*Exercise:*
Exact wording is required: transcribe all the entries and leave the images out.

(Dataset entries)
↓
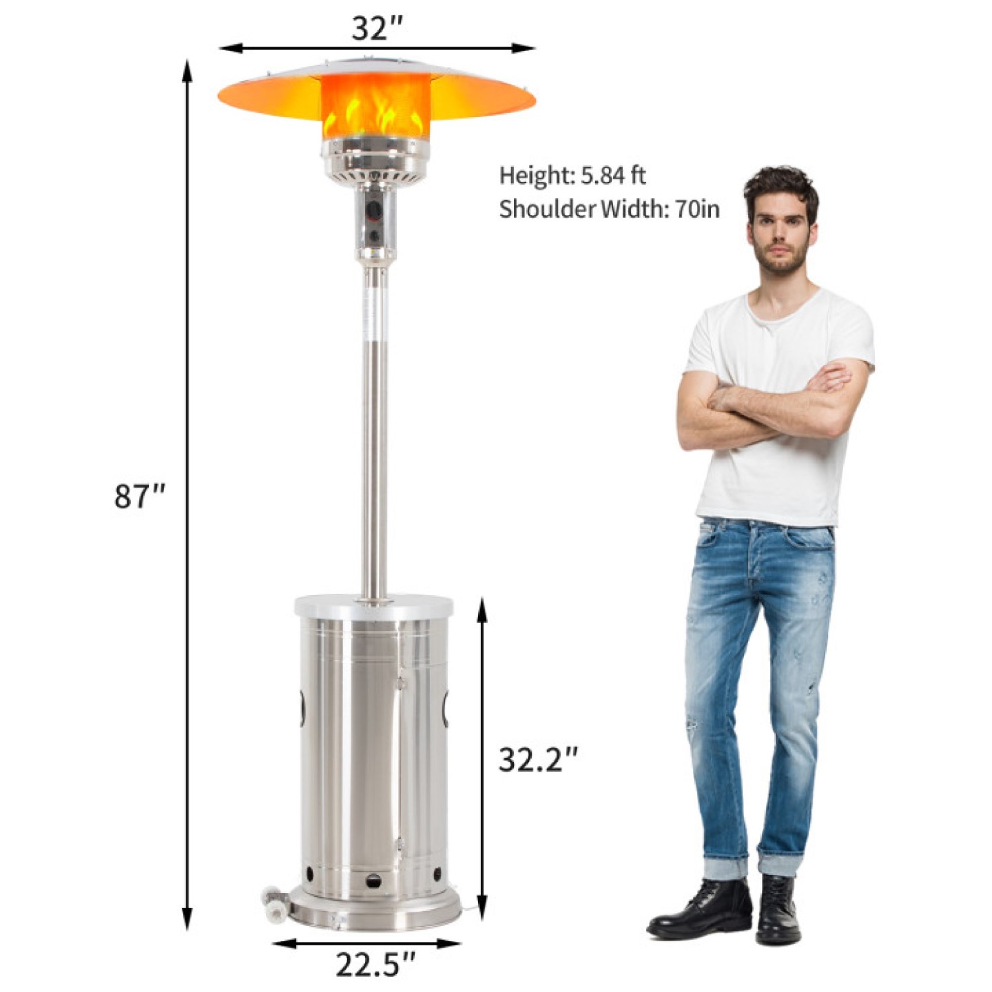 【Easily Assemble & Move】The outdoor patio heater comes with a detailed manual, you can assemble it within 20 minutes with the guidance of manual. Two smooth-rolling wheels make it easy to move wherever you need it.
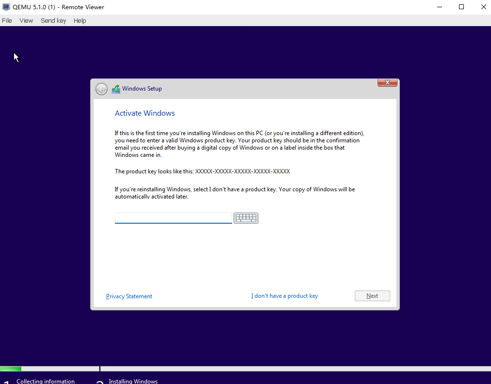 接着需要输入密钥,但我们并没有,此处选择“I don’t have a product key”即可。
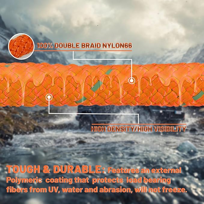 - QUALITY FIRST: No Compromises on Critical Recovery - We prioritize premium materials and meticulous craftsmanship over cost cutting. Crafted with double-braided Nylon66 and military-grade polymer coating, this kinetic rope delivers consistent, reliable performance for off-road emergencies
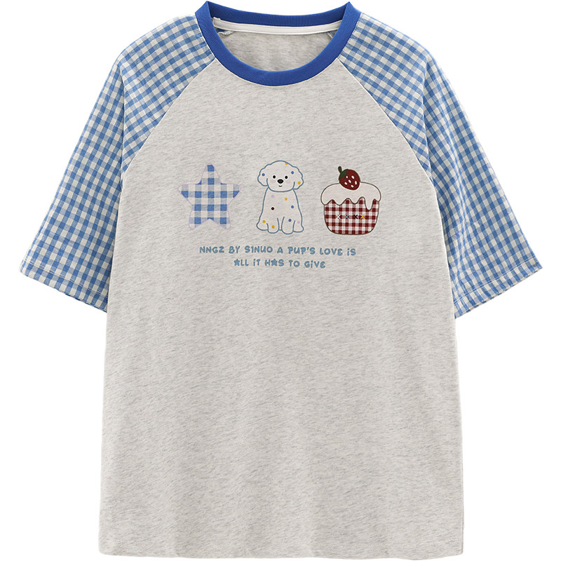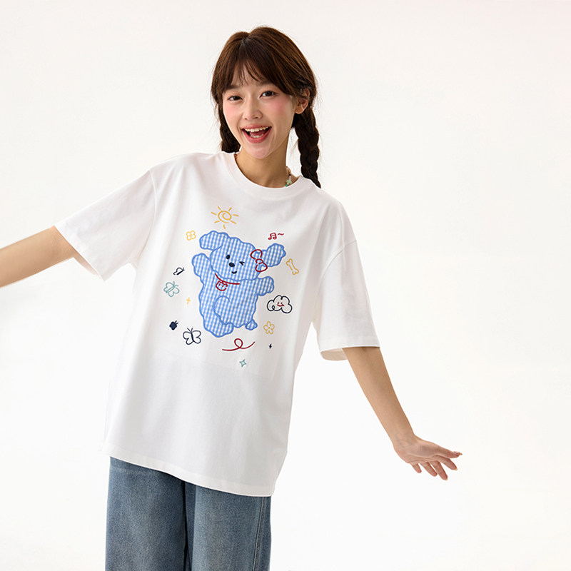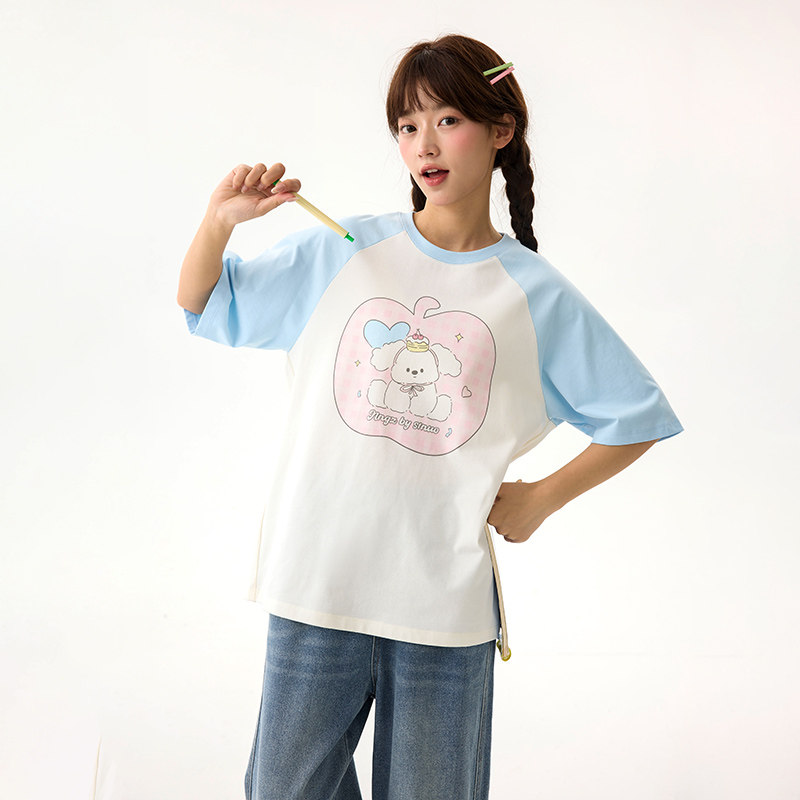 诺诺公主S1N初中生圆领宽松休闲T恤女卡通印花短袖夏季学院风上衣
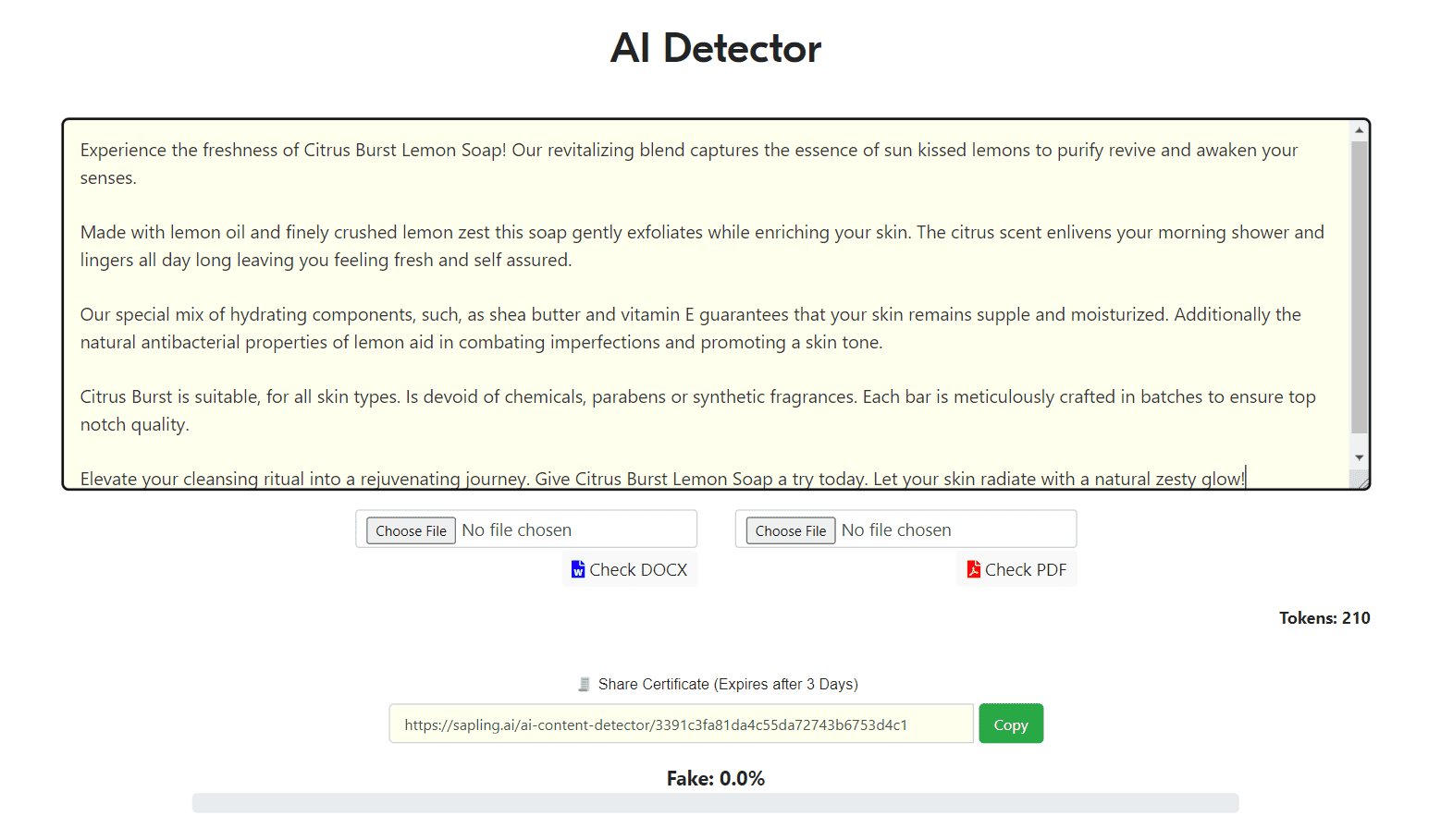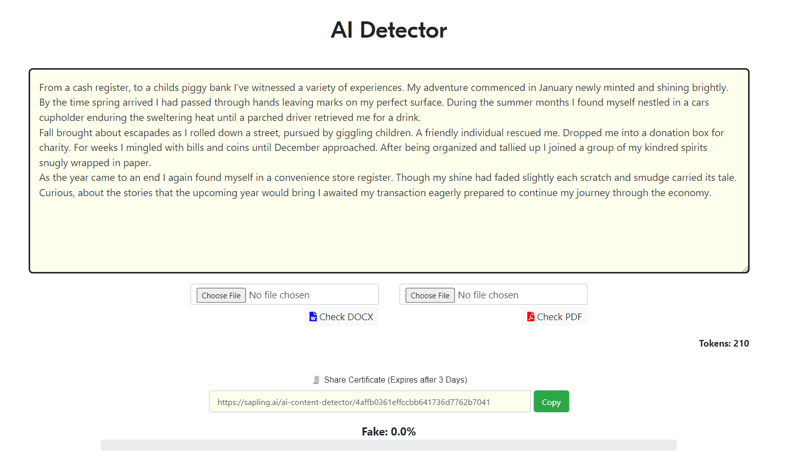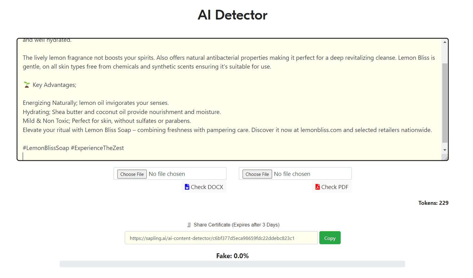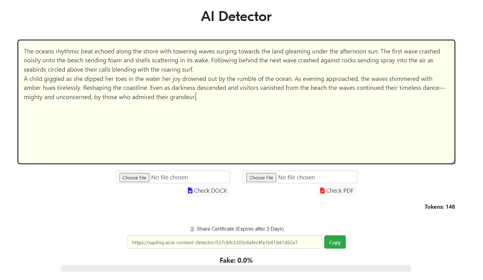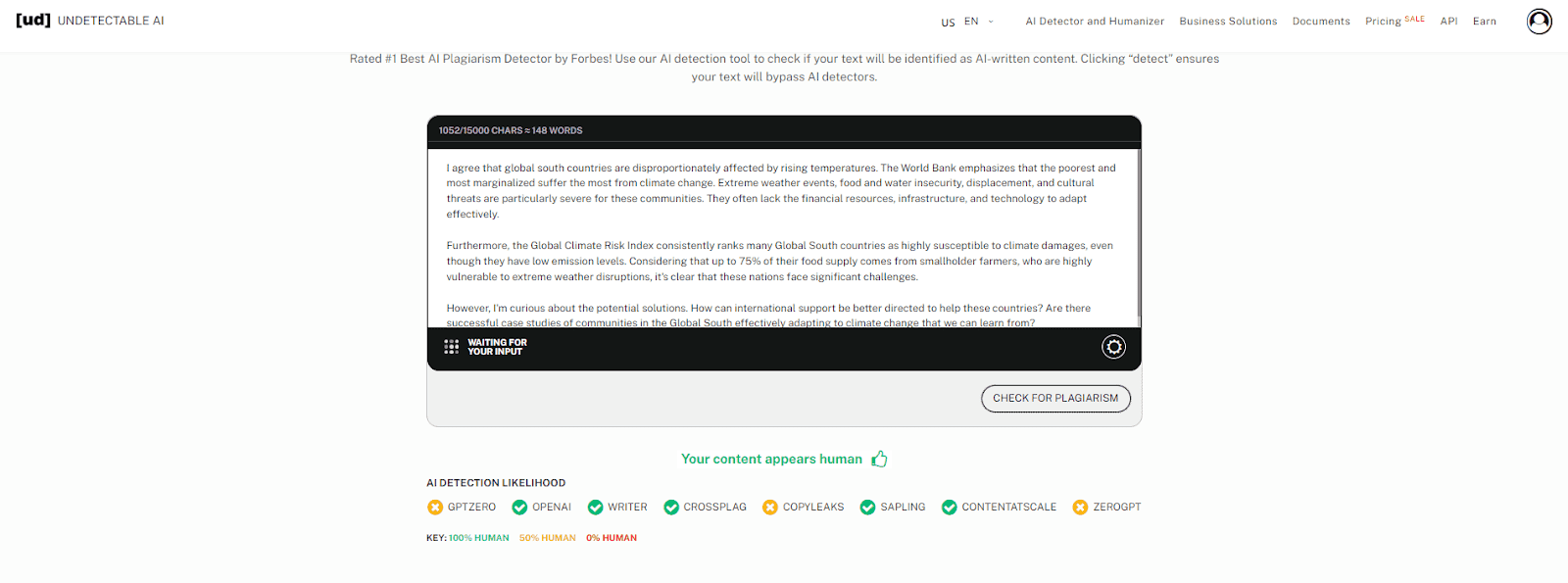 In this test, I’ll use the same prompts for Claude and ChatGPT, tweak their respective outputs using Undetectable AI, then get an AI likelihood score from Sapling AI. Here’s the result:
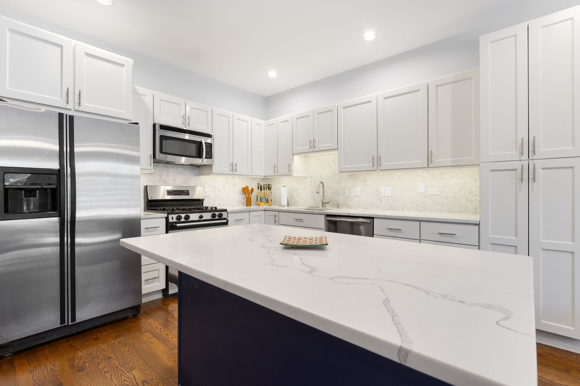 If you've been waiting for the perfect Roscoe Village home, stop scrolling - this is it! This extra-wide, fully updated two-bed, two-bath condo is a total knockout. You'll walk in and instantly notice the fresh, refinished oak hardwood floors and the kind of open layout that just works for real life. The kitchen? Pure showstopper. Crisp white shaker cabinets, sparkling quartz counters, a navy island with a breakfast bar that says "gather here," plus a beverage center and marble backsplash that ties it all together. There's room for a dining table that seats 8-10 - because why not host? - and the oversized living room comes with a marble-wrapped gas fireplace that screams cozy sophistication. The king-sized primary suite has a walk-in closet that's been professionally designed (goodbye clutter!) and a fully renovated en-suite bath with dual quartz vanities, a rain shower, and a soaking tub for those spa-at-home moments. The second bedroom is big enough for guests or a work-from-home setup, with its own gorgeous, renovated full bath. Add in side-by-side laundry, a rear balcony for morning coffee, tandem parking, and a separate storage room - plus a brand-new water heater - and you've got a move-in-ready gem. Best of all? You're steps to the CTA, minutes from Roscoe Village and Lincoln/Belmont dining and shopping, and right in the middle of one of Chicago's most lovable neighborhoods.
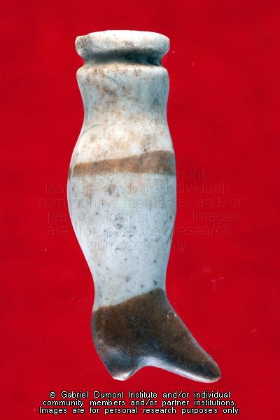 This image (by Peter Beszterda) is of one of five porcelain doll fragments found at various locations in Batoche by Dennis and Jean Fisher and their sons in the early 1970s. The fragments appear to be from two dolls since they include the parts of two torsos. The dolls are made of porcelain and one torso seems to indicate that it was made in Japan in 1885. The doll fragments are part of the Dennis and Jean Fisher Collection. This collection contains archaeological artifacts taken from the battlefields of the 1885 Resistance as well as Fort Pitt (Saskatchewan), Cumberland House (Saskatchewan) and St. Peter’s Mission, Montana. The collection also includes various artifacts and ephemera relating to the 1885 Resistance and Gabriel Dumont. |
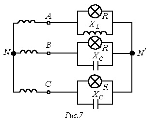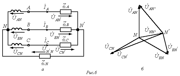 Рассмотрим трехфазную цепь на рис. 6,а. При симметричном питании и несимметричной нагрузке
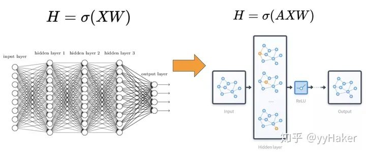 二、图神经网络是什么样子的?相比较于神经网络最基本的网络结构全连接层(MLP),特征矩阵乘以权重矩阵,图神经网络多了一个邻接矩阵。计算形式很简单,三个矩阵相乘再加上一个非线性变换(图3)。
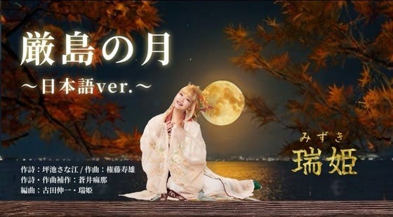 いつも瑞姫を応援いただきありがとうございます♪姫ノ宮スタッフです☆本日YouTubeチャンネル瑞姫-みずき-『姫チャンネル』にて『厳島の月 日本語Ver.』フルをアップいたしました♡⟡.*宮島を舞台にした楽曲...♪*゚厳島神社と月明かり︎︎☾*。ぜひ色々な風景を思い浮かべながら日本語Ver....
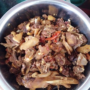 倒入鸭肉,一起翻炒
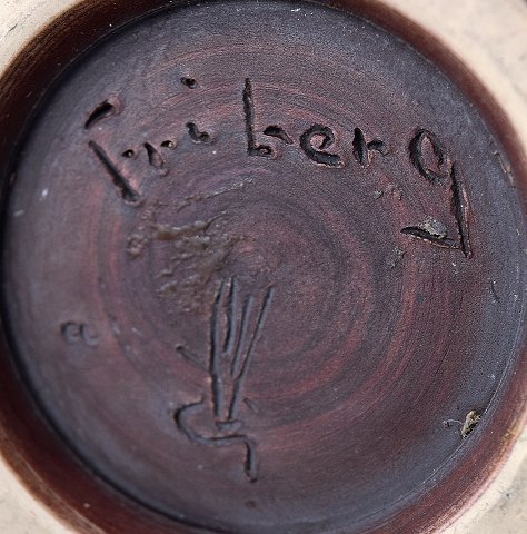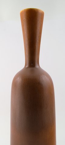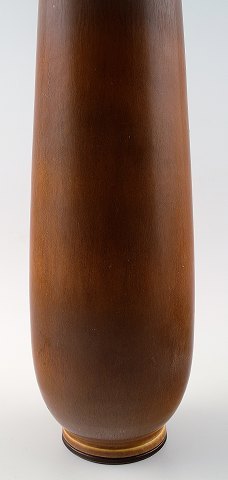 Large Berndt Friberg Studio pottery vase. Modern Swedish design. Unique, handmade. Fine glaze in shades of brown! Perfect. 1st. factory quality. Stamped a = 1959 Size: 36 cm. height.
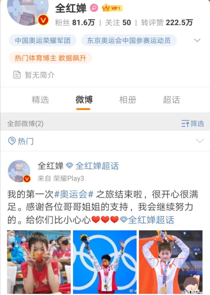 8月9日,全红婵在自己的微博发布第一条动态,就涨粉80万,她的那条动态获得了222万的转评赞,成为了热门体育博主!
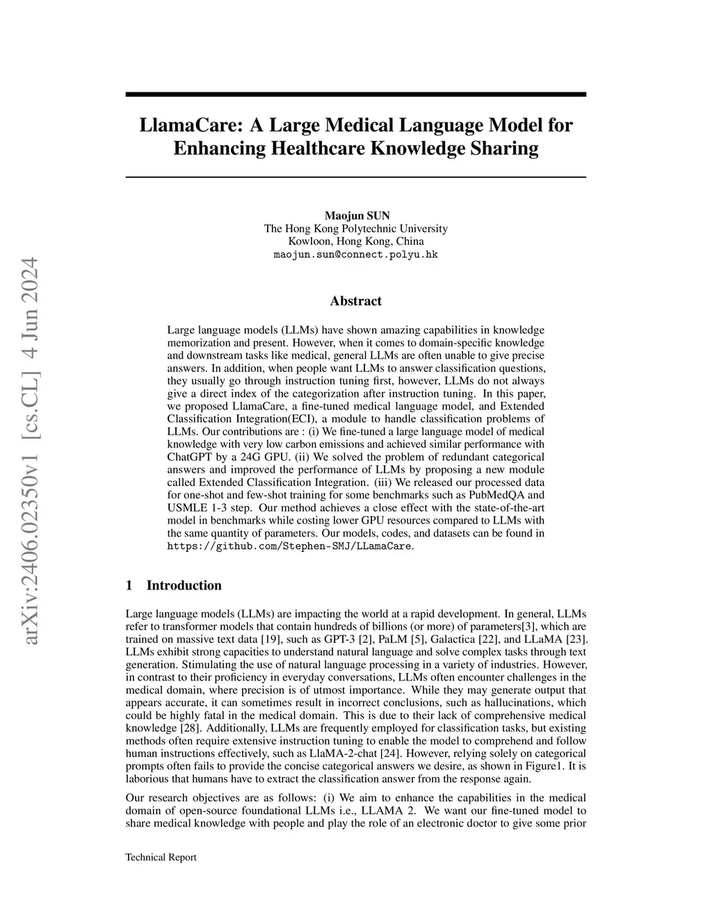 Large language models (LLMs) have shown amazing capabilities in knowledge memorization and the present. However, when it comes to domain-specific knowledge and downstream tasks like medical, general LLMs are often unable to give precise answers. In addition, when people want LLMs to answer classification questions, they usually go through instruction tuning first. However, LLMs do not always give a direct index of the categorization after instruction tuning. In this paper, we proposed LlamaCare, a fine-tuned medical language model, and Extended Classification Integration(ECI), a module to handle classification problems of LLMs. Our contributions are : (i) We fine-tuned a large language model of medical knowledge with very low carbon emissions and achieved similar performance with ChatGPT by a 24G GPU. (ii) We solved the problem of redundant categorical answers and improved the performance of LLMs by proposing a new module called Extended Classification Integration. (iii) We released our processed data for one-shot and few-shot training for some benchmarks such as PubMedQA and USMLE 1-3 step. Our method achieves a close performance comparable to some state-of-the-art models with the same quantity of parameters on benchmarks, while being more environmentally friendly by using less GPU computation time. Our models, codes, and datasets can be found at \url{https://github.com/Stephen-SMJ/LLamaCare}.
↑
*Written solution:*
 【Easily Assemble & Move】The outdoor patio heater comes with a detailed manual, you can assemble it within 20 minutes with the guidance of manual. Two smooth-rolling wheels make it easy to move wherever you need it.
 接着需要输入密钥,但我们并没有,此处选择“I don’t have a product key”即可。
 - QUALITY FIRST: No Compromises on Critical Recovery - We prioritize premium materials and meticulous craftsmanship over cost cutting. Crafted with double-braided Nylon66 and military-grade polymer coating, this kinetic rope delivers consistent, reliable performance for off-road emergencies
 诺诺公主S1N初中生圆领宽松休闲T恤女卡通印花短袖夏季学院风上衣
 In this test, I’ll use the same prompts for Claude and ChatGPT, tweak their respective outputs using Undetectable AI, then get an AI likelihood score from Sapling AI. Here’s the result:
 If you've been waiting for the perfect Roscoe Village home, stop scrolling - this is it! This extra-wide, fully updated two-bed, two-bath condo is a total knockout. You'll walk in and instantly notice the fresh, refinished oak hardwood floors and the kind of open layout that just works for real life. The kitchen? Pure showstopper. Crisp white shaker cabinets, sparkling quartz counters, a navy island with a breakfast bar that says "gather here," plus a beverage center and marble backsplash that ties it all together. There's room for a dining table that seats 8-10 - because why not host? - and the oversized living room comes with a marble-wrapped gas fireplace that screams cozy sophistication. The king-sized primary suite has a walk-in closet that's been professionally designed (goodbye clutter!) and a fully renovated en-suite bath with dual quartz vanities, a rain shower, and a soaking tub for those spa-at-home moments. The second bedroom is big enough for guests or a work-from-home setup, with its own gorgeous, renovated full bath. Add in side-by-side laundry, a rear balcony for morning coffee, tandem parking, and a separate storage room - plus a brand-new water heater - and you've got a move-in-ready gem. Best of all? You're steps to the CTA, minutes from Roscoe Village and Lincoln/Belmont dining and shopping, and right in the middle of one of Chicago's most lovable neighborhoods.
 This image (by Peter Beszterda) is of one of five porcelain doll fragments found at various locations in Batoche by Dennis and Jean Fisher and their sons in the early 1970s. The fragments appear to be from two dolls since they include the parts of two torsos. The dolls are made of porcelain and one torso seems to indicate that it was made in Japan in 1885. The doll fragments are part of the Dennis and Jean Fisher Collection. This collection contains archaeological artifacts taken from the battlefields of the 1885 Resistance as well as Fort Pitt (Saskatchewan), Cumberland House (Saskatchewan) and St. Peter’s Mission, Montana. The collection also includes various artifacts and ephemera relating to the 1885 Resistance and Gabriel Dumont. |
 Рассмотрим трехфазную цепь на рис. 6,а. При симметричном питании и несимметричной нагрузке
 二、图神经网络是什么样子的?相比较于神经网络最基本的网络结构全连接层(MLP),特征矩阵乘以权重矩阵,图神经网络多了一个邻接矩阵。计算形式很简单,三个矩阵相乘再加上一个非线性变换(图3)。
 いつも瑞姫を応援いただきありがとうございます♪姫ノ宮スタッフです☆本日YouTubeチャンネル瑞姫-みずき-『姫チャンネル』にて『厳島の月 日本語Ver.』フルをアップいたしました♡⟡.*宮島を舞台にした楽曲...♪*゚厳島神社と月明かり︎︎☾*。ぜひ色々な風景を思い浮かべながら日本語Ver....
 倒入鸭肉,一起翻炒
 Large Berndt Friberg Studio pottery vase. Modern Swedish design. Unique, handmade. Fine glaze in shades of brown! Perfect. 1st. factory quality. Stamped a = 1959 Size: 36 cm. height.
 8月9日,全红婵在自己的微博发布第一条动态,就涨粉80万,她的那条动态获得了222万的转评赞,成为了热门体育博主!
 Large language models (LLMs) have shown amazing capabilities in knowledge memorization and the present. However, when it comes to domain-specific knowledge and downstream tasks like medical, general LLMs are often unable to give precise answers. In addition, when people want LLMs to answer classification questions, they usually go through instruction tuning first. However, LLMs do not always give a direct index of the categorization after instruction tuning. In this paper, we proposed LlamaCare, a fine-tuned medical language model, and Extended Classification Integration(ECI), a module to handle classification problems of LLMs. Our contributions are : (i) We fine-tuned a large language model of medical knowledge with very low carbon emissions and achieved similar performance with ChatGPT by a 24G GPU. (ii) We solved the problem of redundant categorical answers and improved the performance of LLMs by proposing a new module called Extended Classification Integration. (iii) We released our processed data for one-shot and few-shot training for some benchmarks such as PubMedQA and USMLE 1-3 step. Our method achieves a close performance comparable to some state-of-the-art models with the same quantity of parameters on benchmarks, while being more environmentally friendly by using less GPU computation time. Our models, codes, and datasets can be found at \url{https://github.com/Stephen-SMJ/LLamaCare}.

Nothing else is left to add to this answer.